:: TASK INSTRUCTIONS ::
Only the lines of the listing below that run from the line with "It's Wednesday night" through the line with "Despite some cooler-than-usual" are to be set down, word for word. Pictures stay out.

:: TASK DATA ::
***

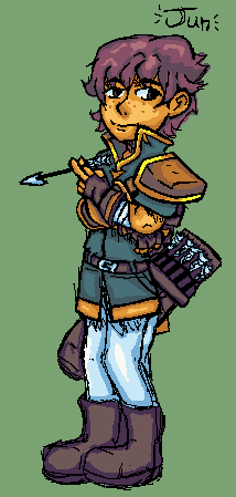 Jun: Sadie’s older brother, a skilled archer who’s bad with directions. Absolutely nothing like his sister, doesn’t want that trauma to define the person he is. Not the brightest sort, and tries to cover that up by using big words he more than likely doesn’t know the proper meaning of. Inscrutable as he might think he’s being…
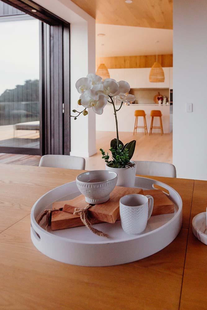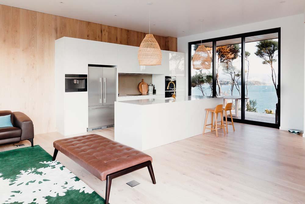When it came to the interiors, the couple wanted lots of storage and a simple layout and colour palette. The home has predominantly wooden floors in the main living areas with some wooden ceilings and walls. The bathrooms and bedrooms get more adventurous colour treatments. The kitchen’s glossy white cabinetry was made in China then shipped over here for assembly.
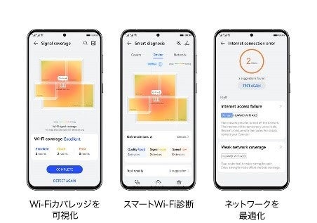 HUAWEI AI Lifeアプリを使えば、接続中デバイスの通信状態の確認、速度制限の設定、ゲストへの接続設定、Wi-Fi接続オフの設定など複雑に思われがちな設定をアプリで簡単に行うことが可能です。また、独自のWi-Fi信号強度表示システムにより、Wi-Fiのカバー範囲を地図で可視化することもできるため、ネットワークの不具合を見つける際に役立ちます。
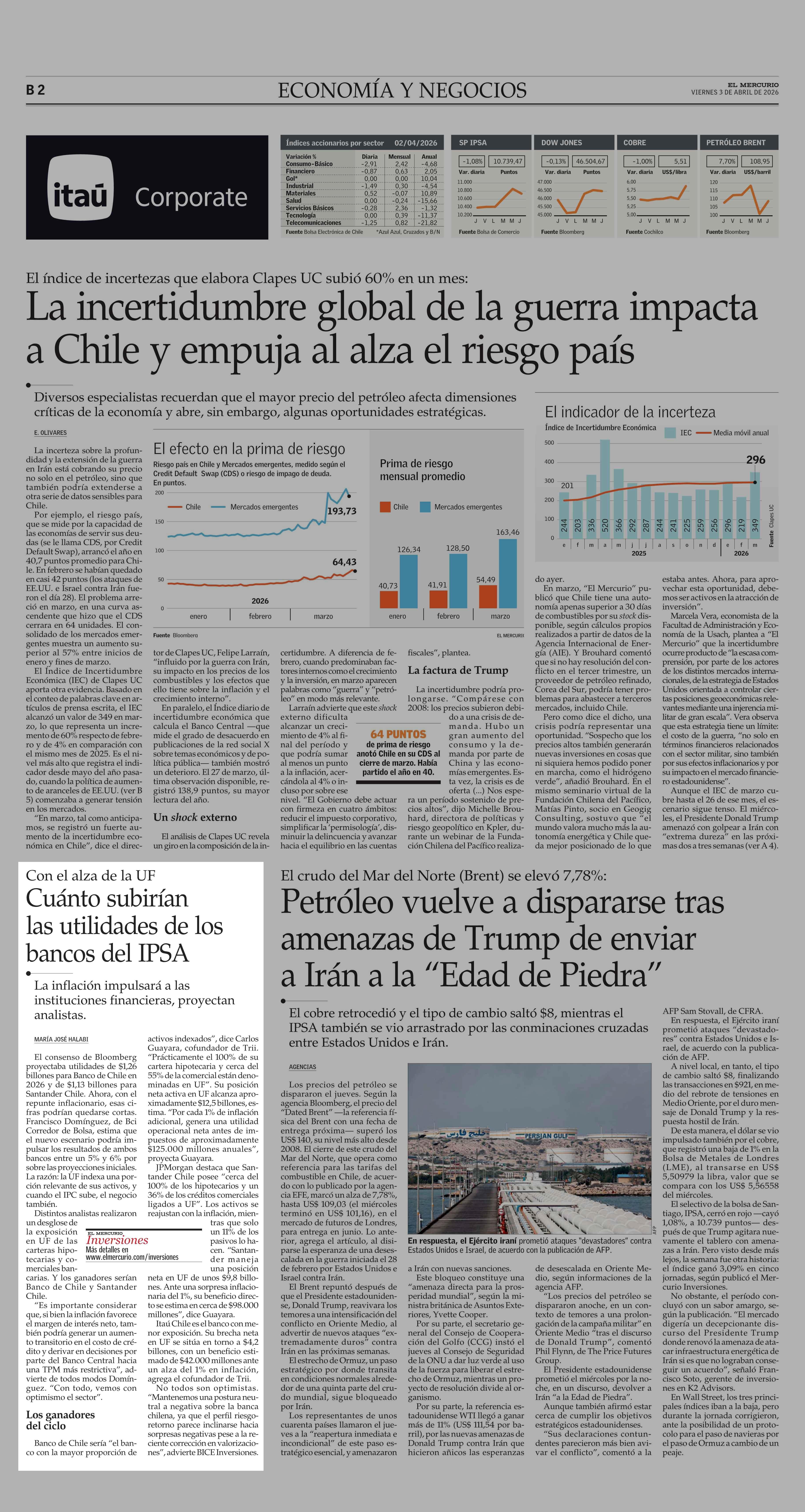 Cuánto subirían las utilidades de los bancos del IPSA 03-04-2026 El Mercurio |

***

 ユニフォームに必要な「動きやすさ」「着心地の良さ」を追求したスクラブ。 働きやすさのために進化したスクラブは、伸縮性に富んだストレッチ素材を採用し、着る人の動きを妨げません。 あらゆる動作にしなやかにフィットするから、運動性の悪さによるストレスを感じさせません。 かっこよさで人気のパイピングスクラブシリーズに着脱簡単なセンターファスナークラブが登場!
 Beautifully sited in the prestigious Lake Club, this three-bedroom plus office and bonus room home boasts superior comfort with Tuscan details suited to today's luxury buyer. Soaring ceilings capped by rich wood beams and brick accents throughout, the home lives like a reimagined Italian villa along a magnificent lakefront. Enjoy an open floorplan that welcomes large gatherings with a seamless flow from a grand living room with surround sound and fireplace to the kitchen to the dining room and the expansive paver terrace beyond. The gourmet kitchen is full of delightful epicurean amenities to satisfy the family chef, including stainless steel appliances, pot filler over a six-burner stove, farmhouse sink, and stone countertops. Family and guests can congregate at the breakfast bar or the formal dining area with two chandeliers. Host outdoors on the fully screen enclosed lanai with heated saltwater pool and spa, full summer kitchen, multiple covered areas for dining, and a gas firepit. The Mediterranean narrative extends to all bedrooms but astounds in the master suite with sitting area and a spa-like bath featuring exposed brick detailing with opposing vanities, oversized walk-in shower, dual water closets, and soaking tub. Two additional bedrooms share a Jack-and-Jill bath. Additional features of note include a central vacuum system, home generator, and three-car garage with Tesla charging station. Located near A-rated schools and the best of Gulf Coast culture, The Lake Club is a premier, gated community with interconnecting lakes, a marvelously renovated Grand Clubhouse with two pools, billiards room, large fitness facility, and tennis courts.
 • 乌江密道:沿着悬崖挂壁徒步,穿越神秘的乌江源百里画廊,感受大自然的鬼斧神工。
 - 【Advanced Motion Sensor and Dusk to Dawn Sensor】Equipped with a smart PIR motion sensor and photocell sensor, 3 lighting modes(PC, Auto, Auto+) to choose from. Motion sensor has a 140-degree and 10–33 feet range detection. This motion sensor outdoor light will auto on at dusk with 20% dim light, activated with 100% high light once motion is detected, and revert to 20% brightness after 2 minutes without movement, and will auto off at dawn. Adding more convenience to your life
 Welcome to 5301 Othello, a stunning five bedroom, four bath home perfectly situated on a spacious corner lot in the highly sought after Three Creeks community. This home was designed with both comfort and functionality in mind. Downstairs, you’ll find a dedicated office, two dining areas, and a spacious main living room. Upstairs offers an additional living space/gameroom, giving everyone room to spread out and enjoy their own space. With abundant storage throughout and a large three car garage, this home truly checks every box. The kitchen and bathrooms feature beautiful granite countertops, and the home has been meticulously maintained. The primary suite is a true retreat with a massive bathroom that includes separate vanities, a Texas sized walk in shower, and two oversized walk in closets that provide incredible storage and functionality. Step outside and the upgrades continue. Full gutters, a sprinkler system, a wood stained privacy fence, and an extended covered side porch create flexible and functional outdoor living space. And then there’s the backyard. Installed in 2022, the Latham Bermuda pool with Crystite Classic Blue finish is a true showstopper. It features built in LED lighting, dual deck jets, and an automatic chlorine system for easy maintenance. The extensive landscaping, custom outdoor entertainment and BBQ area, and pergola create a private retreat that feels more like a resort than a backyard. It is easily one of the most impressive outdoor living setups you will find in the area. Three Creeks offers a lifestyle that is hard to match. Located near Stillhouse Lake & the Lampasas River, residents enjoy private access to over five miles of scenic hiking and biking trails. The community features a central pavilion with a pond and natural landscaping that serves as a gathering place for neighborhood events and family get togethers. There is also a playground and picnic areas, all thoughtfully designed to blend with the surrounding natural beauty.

***

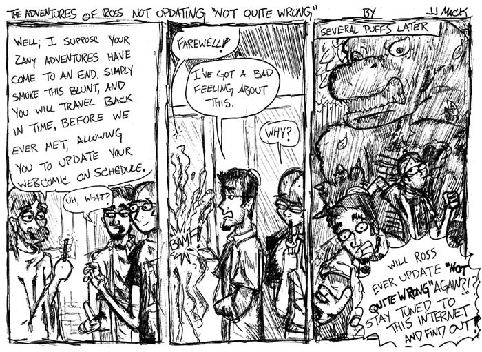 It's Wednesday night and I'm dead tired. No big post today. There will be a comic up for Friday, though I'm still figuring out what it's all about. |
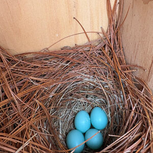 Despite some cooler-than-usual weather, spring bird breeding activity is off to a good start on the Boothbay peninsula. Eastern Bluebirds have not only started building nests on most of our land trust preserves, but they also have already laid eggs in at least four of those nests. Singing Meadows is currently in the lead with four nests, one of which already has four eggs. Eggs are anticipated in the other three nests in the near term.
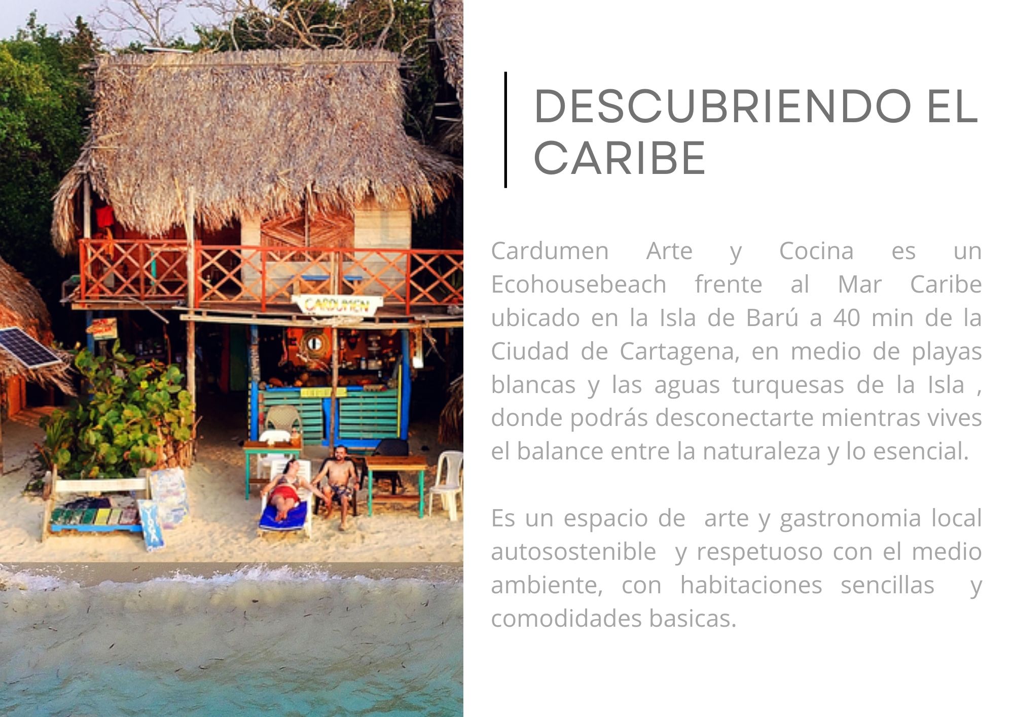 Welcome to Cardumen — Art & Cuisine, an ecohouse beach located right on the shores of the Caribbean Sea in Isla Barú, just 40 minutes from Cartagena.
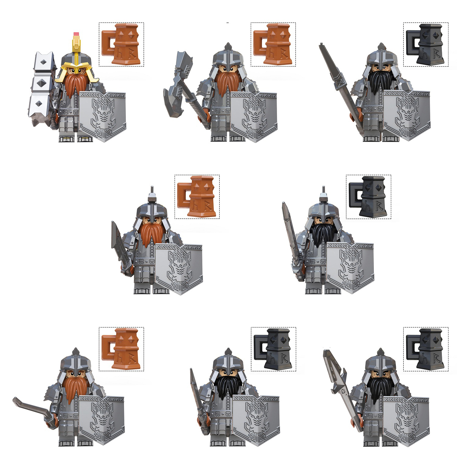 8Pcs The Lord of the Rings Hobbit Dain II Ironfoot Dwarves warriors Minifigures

***

:: REPLY TO THE EXERCISE ::
 It's Wednesday night and I'm dead tired. No big post today. There will be a comic up for Friday, though I'm still figuring out what it's all about. |
 Despite some cooler-than-usual weather, spring bird breeding activity is off to a good start on the Boothbay peninsula. Eastern Bluebirds have not only started building nests on most of our land trust preserves, but they also have already laid eggs in at least four of those nests. Singing Meadows is currently in the lead with four nests, one of which already has four eggs. Eggs are anticipated in the other three nests in the near term.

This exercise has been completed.